A dead simple, type-safe DAG (Directed Acyclic Graph) library for Python with runtime validation, caching, and full async support.
Perfect for building data pipelines, ML workflows, and computation graphs without the complexity of larger frameworks.
- 🎯 Type Safe - Full generic type support with runtime validation
- ⚡ Async/Await - First-class async support with concurrent execution
- 🔒 Cycle Detection - Automatic detection at construction time
- 💾 Result Caching - Memoization to avoid redundant computations
- 📊 Topological Sorting - Efficient execution using Kahn's algorithm
- 🐛 Great Error Messages - Clear, actionable error reporting
- 📈 Visualization - Tree view and Mermaid diagram generation
- 🪶 Zero Dependencies - Pure Python implementation
- 🎨 Simple API - Decorator-based interface
pip install dag-simple
Or using uv:
uv add dag-simple
from dag_simple import node
# Define your computation nodes
@node()
def load_data(source: str) -> dict[str, list[int]]:
return {"data": [1, 2, 3, 4, 5]}
@node(deps=[load_data])
def process(load_data: dict[str, list[int]]) -> dict[str, list[int]]:
return {"processed": [x * 2 for x in load_data["data"]]}
@node(deps=[process])
def save(process: dict[str, list[int]]) -> str:
return f"Saved {len(process['processed'])} items"
# Execute the pipeline
result = save.run(source="database")
print(result) # "Saved 5 items"
assert result == "Saved 5 items"
# Visualize the DAG
save.visualize()
# Output:
# ○ save
# ○ process
# ○ load_dataPerfect for straightforward, linear workflows:
from dag_simple import node
@node()
def step1(x: int) -> int:
return x + 1
@node(deps=[step1])
def step2(step1: int) -> int:
return step1 * 2
# Simple execution
result = step2.run(x=5) # 12
assert result == 12When to use:
- ✅ Simple, linear pipeline (A → B → C)
- ✅ Single target to execute
- ✅ Small projects (<10 nodes)
- ✅ Quick prototypes
The DAG class excels when you need:
from dag_simple import DAG, node
dag = DAG(name="analytics")
# User analytics workflow
@node()
def load_users() -> list[dict[str, int]]:
return [{"id": 1}, {"id": 2}]
@node(deps=[load_users])
def analyze_users(load_users: list[dict[str, int]]) -> dict[str, int]:
return {"count": len(load_users)}
# Sales analytics workflow
@node()
def load_sales() -> list[dict[str, int]]:
return [{"amount": 100}, {"amount": 200}]
@node(deps=[load_sales])
def analyze_sales(load_sales: list[dict[str, int]]) -> dict[str, int]:
return {"total": sum(s["amount"] for s in load_sales)}
# Add to DAG
dag.add_nodes(load_users, analyze_users, load_sales, analyze_sales)
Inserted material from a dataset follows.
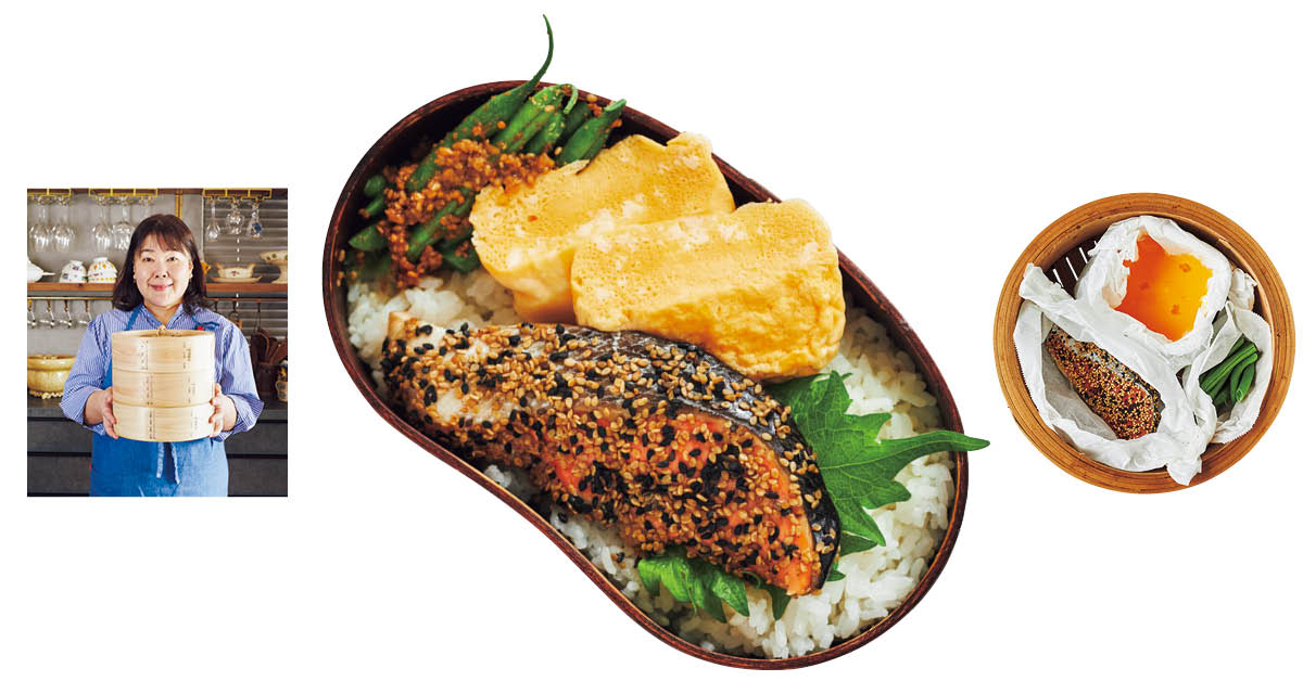 せいろで3品同時に!「塩ザケの白黒ごま蒸し弁当」レシピ/丹羽直美(ikura)さん

# Execute specific workflow
user_stats = dag.execute("analyze_users")
assert user_stats == {"count": 2}
# Or execute ALL workflows at once
all_results = dag.execute_all()
# {'analyze_users': {...}, 'analyze_sales': {...}}
assert all_results["analyze_users"] == {"count": 2}
assert all_results["analyze_sales"] == {"total": 300}import asyncio
from dag_simple import DAG, node
dag = DAG("data_pipeline")
@node()
async def fetch_api_1() -> dict[str, list[int]]:
await asyncio.sleep(0.2)
return {"data": [1, 2, 3]}
@node()
async def fetch_api_2() -> dict[str, list[int]]:
await asyncio.sleep(0.2)
return {"data": [4, 5, 6]}
dag.add_nodes(fetch_api_1, fetch_api_2)
# Execute both APIs concurrently! (~0.2s, not 0.4s)
async def main():
results = await dag.execute_all_async()
assert results["fetch_api_1"] == {"data": [1, 2, 3]}
assert results["fetch_api_2"] == {"data": [4, 5, 6]}
return results
# For testing purposes, we'll just create the DAG
# In real usage, you'd call: asyncio.run(main())from dag_simple import DAG, node
# Separate DAGs for different domains
user_service = DAG("user_service")
order_service = DAG("order_service")
# Same node name in different DAGs - no conflicts!
@node()
def get_data():
return "user data"
user_service.add_node(get_data)
@node()
def get_data(): # Different implementation
return "order data"
order_service.add_node(get_data)When to use DAG class:
- ✅ Multiple independent workflows
- ✅ Need to execute multiple targets at once
- ✅ Large projects (10+ nodes)
- ✅ Want automatic concurrent async execution
- ✅ Need namespace separation
run_sync_in_process and run_async_in_process wrap a DAG evaluation in a
ProcessPoolExecutor. They are useful when you want the work to run on a separate
CPU core or need to isolate long-running jobs from interactive code.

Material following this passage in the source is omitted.